0

I need a collection of elements the only purpose of which is to store elements for futher enumeration, so the elements don't have to be ordered/indexes in any way. But a simple list is not enough, because I may need to remove any element from the collection, and I need to do it in constant time. deque or other implementation of linked list as data structures would be sufficient for this purpose, because deletion of an element in linked list is a constant time operation. The problem is that python does not provide a way to track a specific node of a linked list (at least I don't know how), so if I need to remove previously added element from a list, first I need to find it, which is linear time operation.

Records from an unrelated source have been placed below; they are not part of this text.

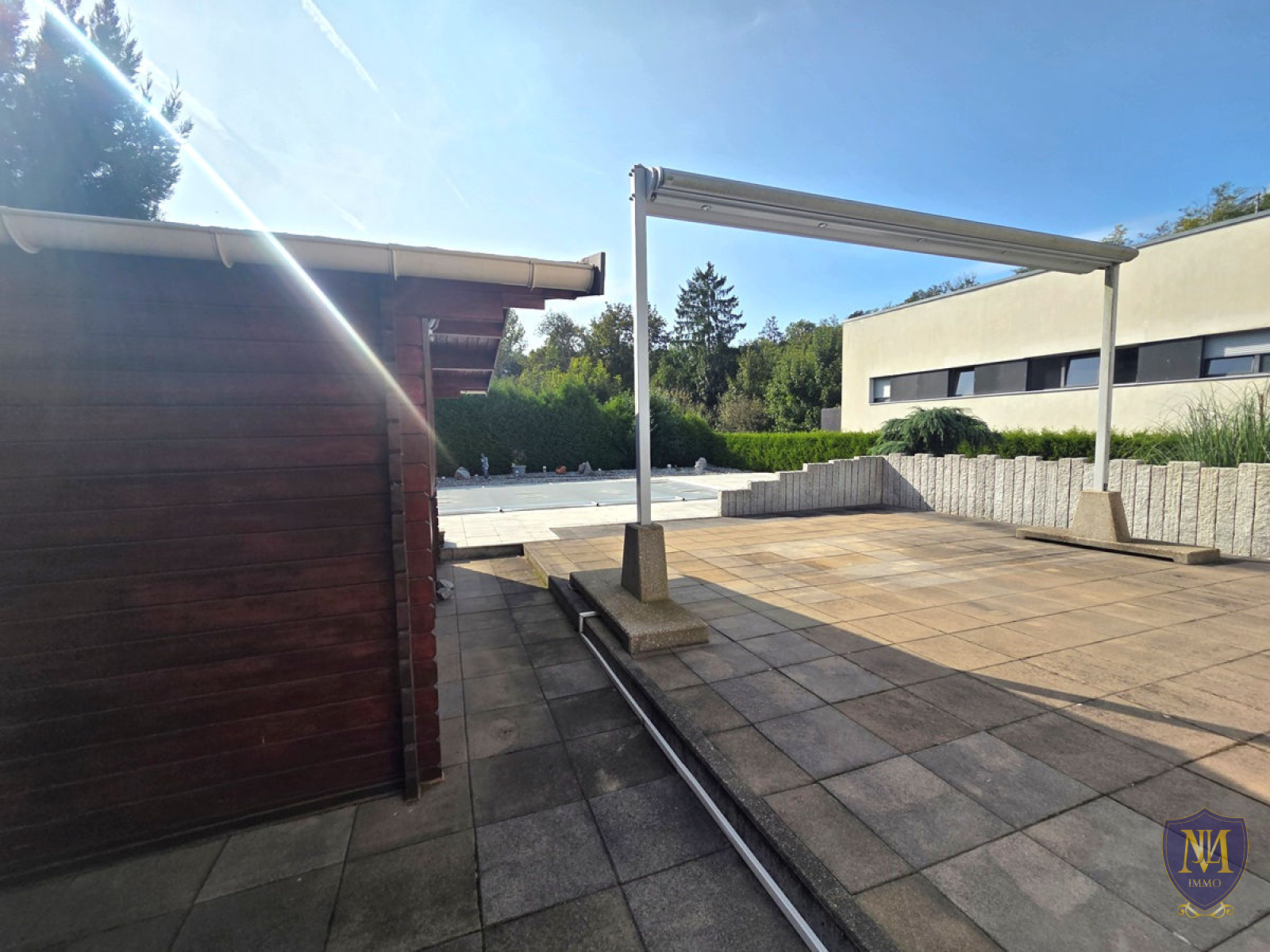 Blotzheim (68730)Très belle situation au calme dans un écrin de verdure, maison Schwörer basse consommation ! année 2006 de 125 m² habitables, comprenant : une entrée, un grand salon séjour donnant sur une terrasse, une cuisine équipée, un cellier, 3 chambres, un bureau, une salle de bains équipée baignoire + douche et au sous-sol une cave, un grand local multifonctions ainsi qu'un local technique. À l'extérieur une piscine à rénover (liner et filtration), un carport et 4 places de parking complètent ce bien. Le tout sur un terrain de 7,91 ares.
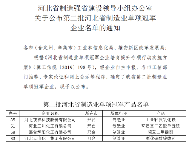 新年新气象,企业再添新荣誉,争得开门红,近日,河北省工业和信息化厅官方网站公布了2020年“制造业单项冠军产品”企业名单,我公司生产制造的“工业轻质氧化镁”获得了河北省制造强省建设领导小组授予的“制造业单项冠军产品”称号。本次邢台市通过4家,我们是其中1家。
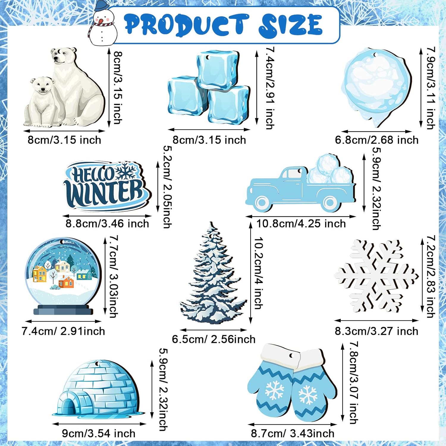 Vivid and Lovely Patterns: these wooden hanging ornaments are printed with winter themed elements such as car, tree, bear, snowflake and more; Vibrant colors help add to the festive mood

In C++, there is a std::list with its std::list::iterator that does exactly what I need. The iterator holds the pointer to the node in the linked list. When I add an element to a linked list, I can store the iterator of the just added element and further use it to remove the element from the list in constant time, since I already have a pointer to the linked list node with the pointer to previous and next elements. It also doesn't matter whether and how many elements were added or deleted before or after the element.

So how can it be done in python? Is there some alternative to the C++'s std::list::iterator?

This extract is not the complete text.